How Does Electron Spin Affect the Partition Function in Saha's Equation?

[Sebas4]

Hey, I have a question about proving Saha's equation for ionizing hydrogen atoms.
The formula is
$$\frac{P_{p}}{P_{H}} = \frac{k_{B} T}{P_{e}} \left(\frac{2\pi m_{e} k_{B}T}{h^2} \right)^{\frac{3}{2}}e^{\frac{-I}{k_{B} T}}$$
with
$P_{p}$ pressure proton's,
$P_{H}$ pressure hydrogen atoms,
$m_{e}$ mass electron,
$T$ temperature resevoir,
$I$ ionization energy,
$k_{B}$ Boltzmann's constant,
$h$ Planck's constant.

When the electron is bounded, the electron has two spin states.
So the three situations are, the electron is bounded and is in one of the spin states, the electron is bounded and is in the other spin state, and the electron is not bounded by the proton.
The system of interest is the proton.
When the electron is bounded by the proton, the energy of the system of interest is $-I$.
I have derived that
$$\frac{P_{p}}{P_{H}} = \frac{1}{2}\frac{k_{B} T}{P_{e}} Z_{int} \left(\frac{2\pi m_{e} k_{B}T}{h^2} \right)^{\frac{3}{2}}e^{\frac{-I}{k_{B} T}}$$
with $Z_{int}$ the partition function (for rotational/vibrational motion) of the electron is.
If you compare the two equations, you see that $Z_{int} = 2$.
I don't get why $Z_{int}$ is 2.

The partition function is
$$Z = \sum_{s}^{} e^{\frac{-E\left(s \right)}{k_{B} T}}$$
summing over all states (represented by letter s).
The partition function is not all the possible states the electron can have right?

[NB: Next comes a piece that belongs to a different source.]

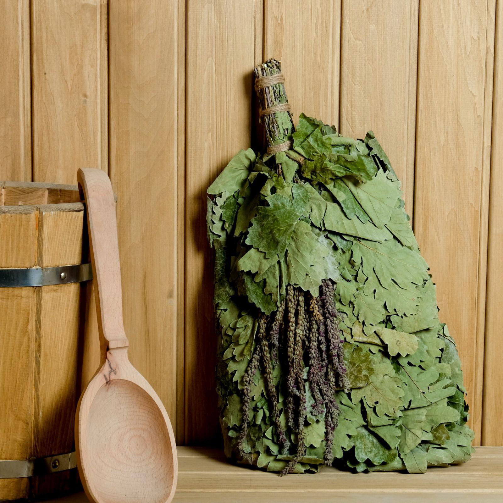 Веник для бани и сауны, дубовый, с шалфеем, Россия

So how does $Z = \sum_{s}^{} e^{\frac{-E\left(s \right)}{k_{B} T}}$ is equal to the number 2 (assuming that two spin states the electron can have, have non zero energy)?

 

[DrClaude]

In the absence of external fields, there is no energy associated with the spin state, so $E(s) = 0$ for all spin states. Therefore,
$$
Z_\mathrm{int} = \sum_s e^{-E(s) / k_B T} = \sum_s 1 = 2
$$